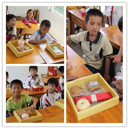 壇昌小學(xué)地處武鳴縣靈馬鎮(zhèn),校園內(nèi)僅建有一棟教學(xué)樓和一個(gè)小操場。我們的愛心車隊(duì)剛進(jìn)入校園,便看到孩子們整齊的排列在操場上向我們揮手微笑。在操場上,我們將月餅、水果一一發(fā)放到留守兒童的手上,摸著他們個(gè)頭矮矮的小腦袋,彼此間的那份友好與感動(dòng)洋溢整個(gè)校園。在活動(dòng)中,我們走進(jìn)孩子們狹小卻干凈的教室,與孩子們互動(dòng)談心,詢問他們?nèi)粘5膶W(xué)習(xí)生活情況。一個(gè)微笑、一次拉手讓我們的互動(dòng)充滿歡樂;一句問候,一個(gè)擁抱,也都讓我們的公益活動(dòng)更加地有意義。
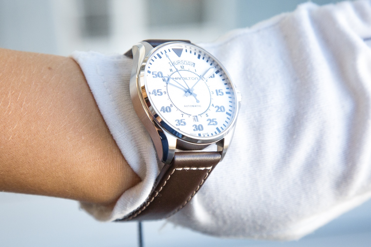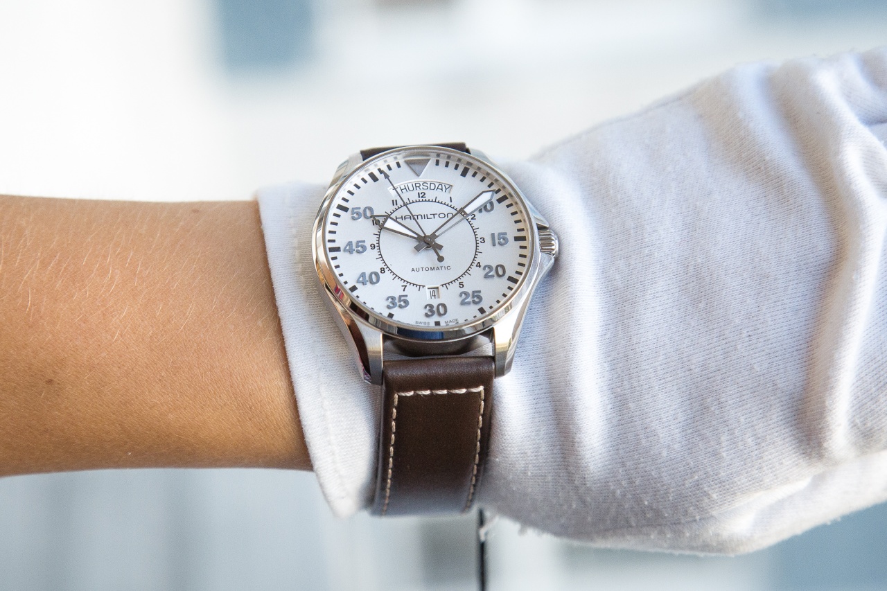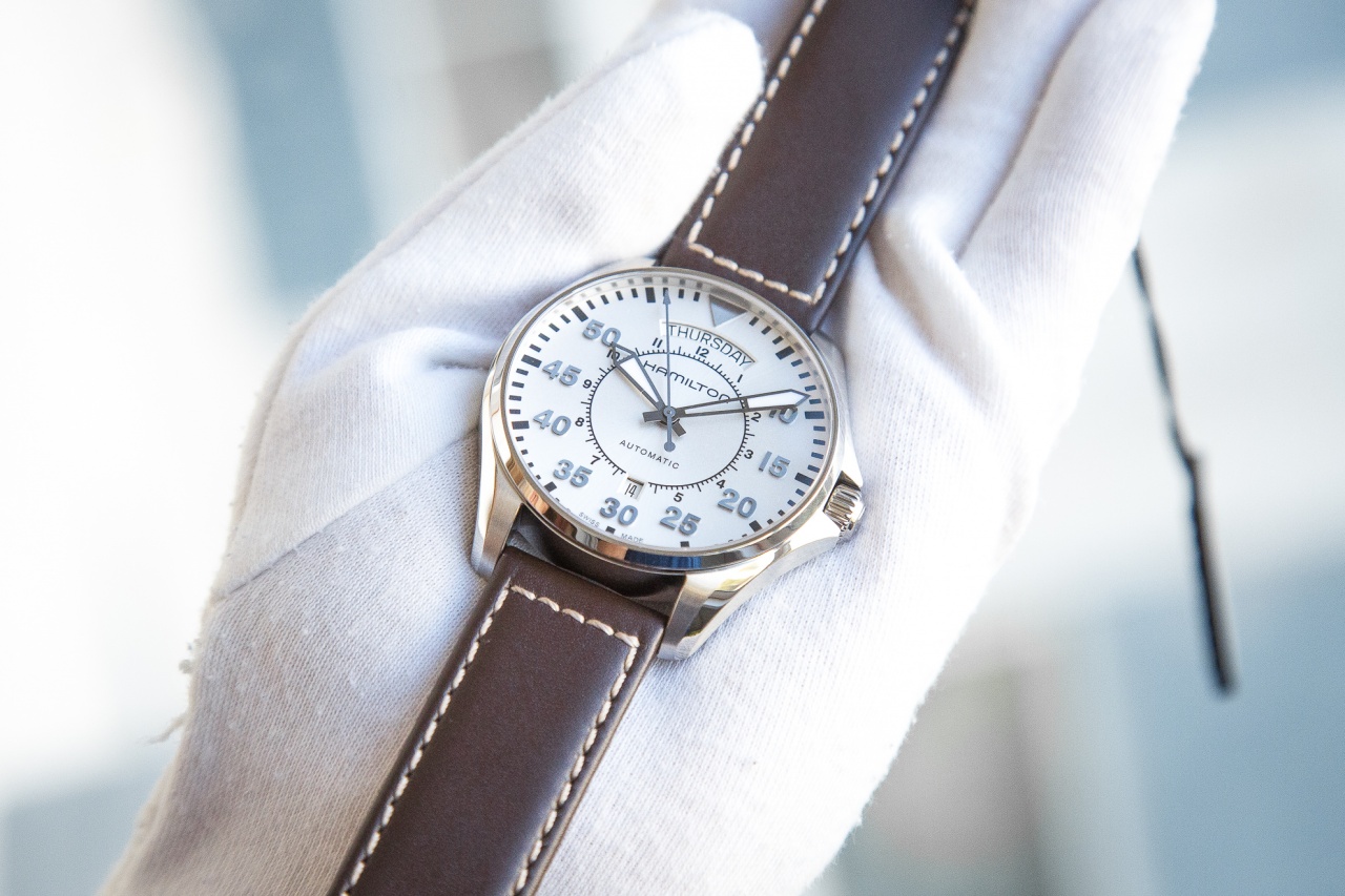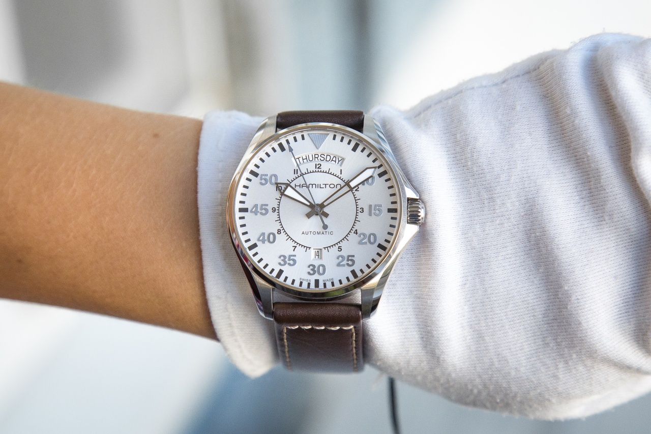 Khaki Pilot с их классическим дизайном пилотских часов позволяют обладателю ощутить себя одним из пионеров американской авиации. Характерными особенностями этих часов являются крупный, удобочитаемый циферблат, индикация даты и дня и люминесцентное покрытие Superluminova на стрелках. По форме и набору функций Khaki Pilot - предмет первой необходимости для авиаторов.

==

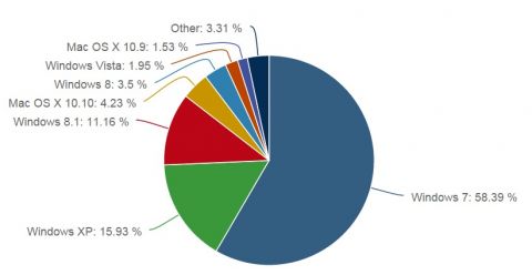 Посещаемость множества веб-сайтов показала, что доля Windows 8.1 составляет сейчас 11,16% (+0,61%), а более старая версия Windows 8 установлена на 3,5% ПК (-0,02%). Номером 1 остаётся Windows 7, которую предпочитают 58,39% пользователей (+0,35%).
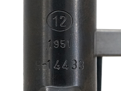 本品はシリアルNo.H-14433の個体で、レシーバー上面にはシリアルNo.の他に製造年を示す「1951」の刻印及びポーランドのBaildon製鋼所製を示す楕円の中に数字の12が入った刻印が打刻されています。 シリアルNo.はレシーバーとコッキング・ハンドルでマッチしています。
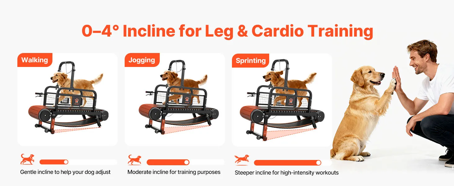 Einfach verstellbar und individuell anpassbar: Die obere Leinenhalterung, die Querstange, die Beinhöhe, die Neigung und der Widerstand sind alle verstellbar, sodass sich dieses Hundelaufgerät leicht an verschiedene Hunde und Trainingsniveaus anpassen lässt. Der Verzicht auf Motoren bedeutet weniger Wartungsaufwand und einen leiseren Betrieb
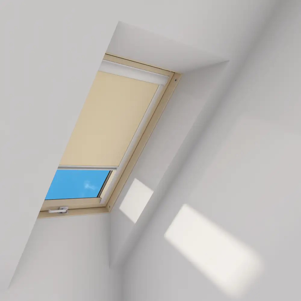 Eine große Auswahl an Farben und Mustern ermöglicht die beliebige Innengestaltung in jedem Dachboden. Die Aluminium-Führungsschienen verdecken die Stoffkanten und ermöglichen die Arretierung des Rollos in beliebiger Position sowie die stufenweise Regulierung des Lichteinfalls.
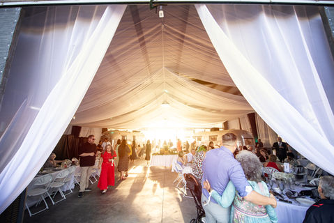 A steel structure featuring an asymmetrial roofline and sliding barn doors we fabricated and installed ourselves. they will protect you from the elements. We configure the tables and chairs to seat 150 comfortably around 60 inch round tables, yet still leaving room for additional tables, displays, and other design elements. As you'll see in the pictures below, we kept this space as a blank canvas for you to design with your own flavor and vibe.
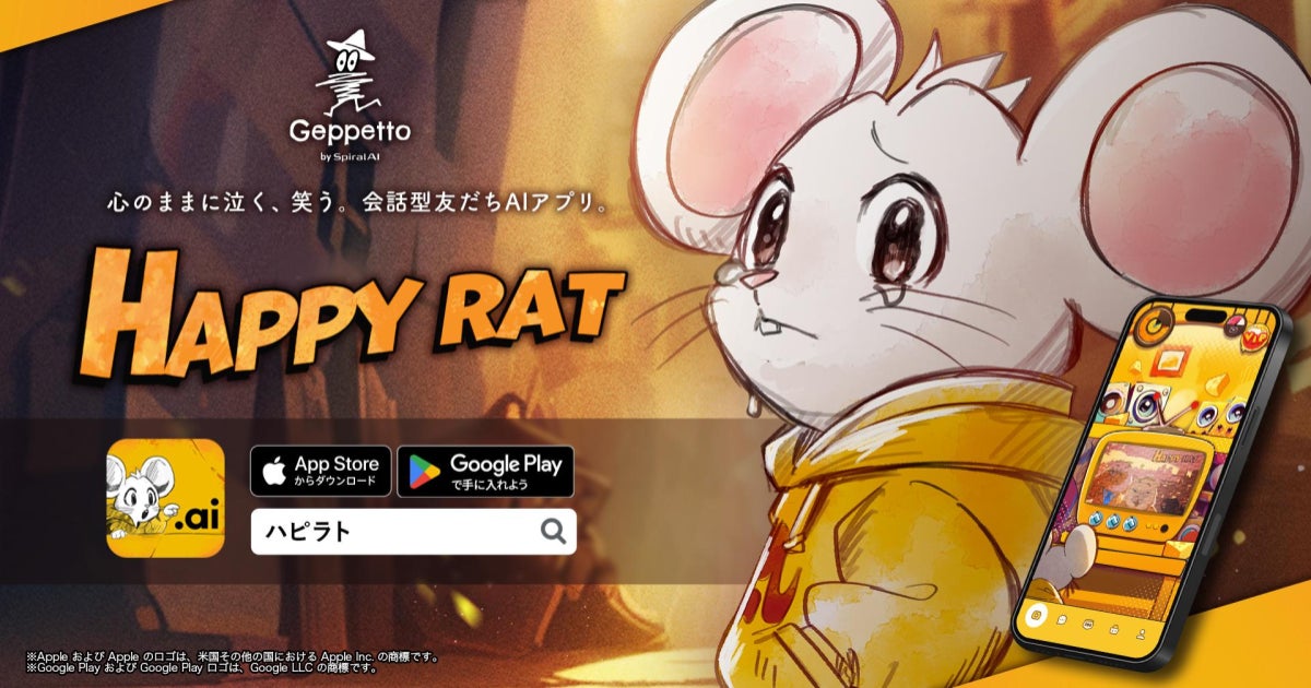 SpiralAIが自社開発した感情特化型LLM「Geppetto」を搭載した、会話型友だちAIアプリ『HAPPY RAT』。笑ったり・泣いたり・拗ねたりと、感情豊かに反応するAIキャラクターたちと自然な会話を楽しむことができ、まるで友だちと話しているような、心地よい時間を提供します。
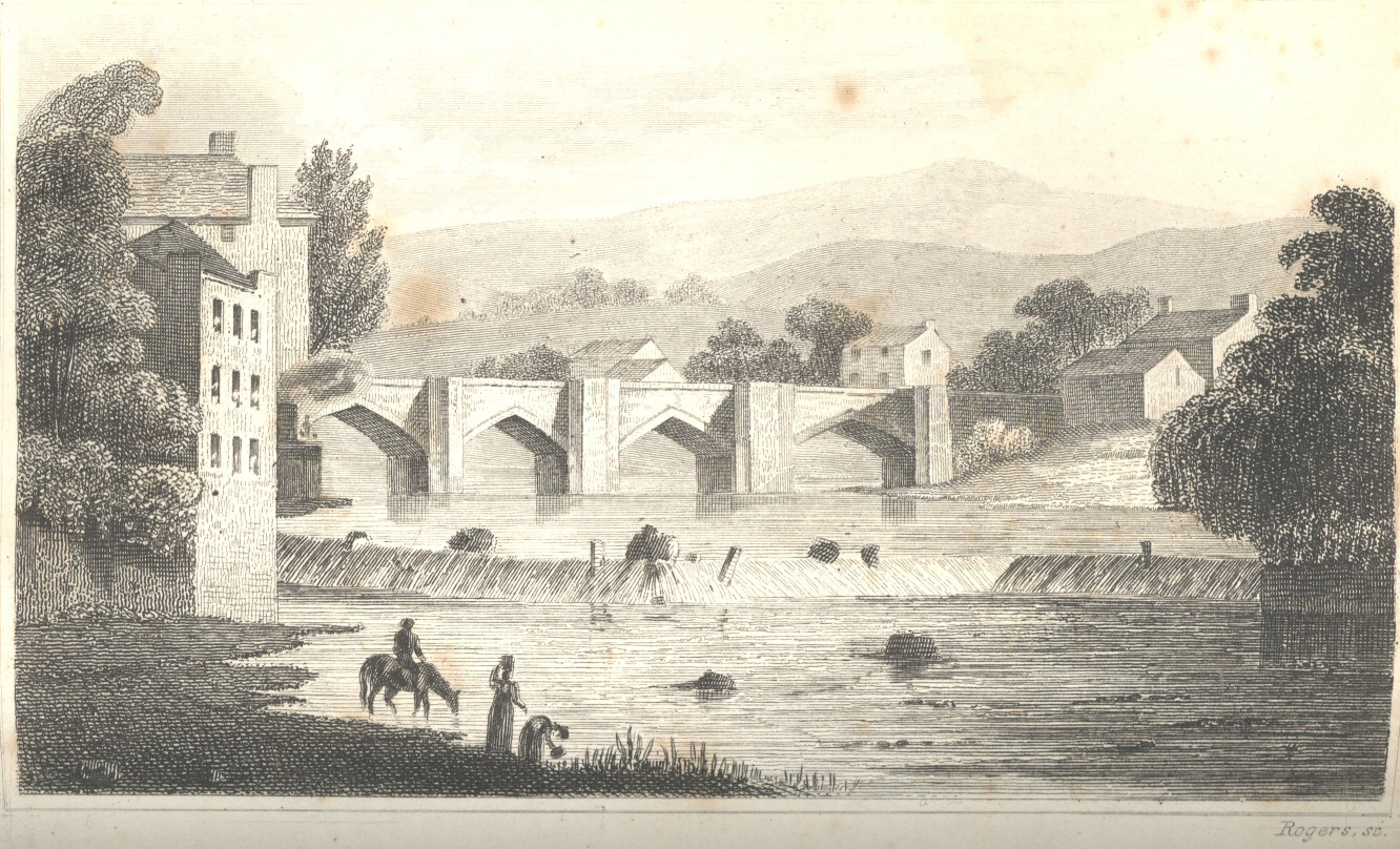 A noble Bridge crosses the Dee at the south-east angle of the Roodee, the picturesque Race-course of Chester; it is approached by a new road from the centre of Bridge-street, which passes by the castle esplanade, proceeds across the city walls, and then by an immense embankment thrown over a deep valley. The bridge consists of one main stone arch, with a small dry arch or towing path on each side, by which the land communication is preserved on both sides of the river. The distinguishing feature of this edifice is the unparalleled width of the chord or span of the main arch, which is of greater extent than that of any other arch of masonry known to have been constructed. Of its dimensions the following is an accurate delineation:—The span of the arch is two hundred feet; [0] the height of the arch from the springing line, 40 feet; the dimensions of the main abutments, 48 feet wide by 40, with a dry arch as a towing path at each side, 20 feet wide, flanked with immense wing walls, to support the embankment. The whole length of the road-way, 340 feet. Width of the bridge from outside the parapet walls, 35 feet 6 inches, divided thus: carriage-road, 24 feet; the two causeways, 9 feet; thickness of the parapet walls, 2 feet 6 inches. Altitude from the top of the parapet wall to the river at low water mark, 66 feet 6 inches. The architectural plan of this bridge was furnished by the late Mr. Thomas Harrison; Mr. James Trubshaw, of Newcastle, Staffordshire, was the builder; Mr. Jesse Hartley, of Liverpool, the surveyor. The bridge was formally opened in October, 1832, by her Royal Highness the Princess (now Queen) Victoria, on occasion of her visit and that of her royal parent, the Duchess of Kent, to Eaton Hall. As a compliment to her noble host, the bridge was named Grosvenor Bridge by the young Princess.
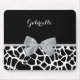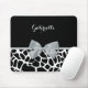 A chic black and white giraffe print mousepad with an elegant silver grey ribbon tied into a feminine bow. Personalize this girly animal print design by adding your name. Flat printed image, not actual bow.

* * *

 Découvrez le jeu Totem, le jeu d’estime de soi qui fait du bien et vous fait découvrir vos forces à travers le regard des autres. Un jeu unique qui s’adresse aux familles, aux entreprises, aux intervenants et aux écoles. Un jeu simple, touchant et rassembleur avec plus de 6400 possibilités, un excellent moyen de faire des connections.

> [WHAT NEEDS TO BE DONE]:
Set down exactly the lines above, from the line containing "本品はシリアルNo.H-14" through the line containing "A steel structure". Skip the pictures.

> [ANSWER FOR THE TASK]:
 本品はシリアルNo.H-14433の個体で、レシーバー上面にはシリアルNo.の他に製造年を示す「1951」の刻印及びポーランドのBaildon製鋼所製を示す楕円の中に数字の12が入った刻印が打刻されています。 シリアルNo.はレシーバーとコッキング・ハンドルでマッチしています。
 Einfach verstellbar und individuell anpassbar: Die obere Leinenhalterung, die Querstange, die Beinhöhe, die Neigung und der Widerstand sind alle verstellbar, sodass sich dieses Hundelaufgerät leicht an verschiedene Hunde und Trainingsniveaus anpassen lässt. Der Verzicht auf Motoren bedeutet weniger Wartungsaufwand und einen leiseren Betrieb
 Eine große Auswahl an Farben und Mustern ermöglicht die beliebige Innengestaltung in jedem Dachboden. Die Aluminium-Führungsschienen verdecken die Stoffkanten und ermöglichen die Arretierung des Rollos in beliebiger Position sowie die stufenweise Regulierung des Lichteinfalls.
 A steel structure featuring an asymmetrial roofline and sliding barn doors we fabricated and installed ourselves. they will protect you from the elements. We configure the tables and chairs to seat 150 comfortably around 60 inch round tables, yet still leaving room for additional tables, displays, and other design elements. As you'll see in the pictures below, we kept this space as a blank canvas for you to design with your own flavor and vibe.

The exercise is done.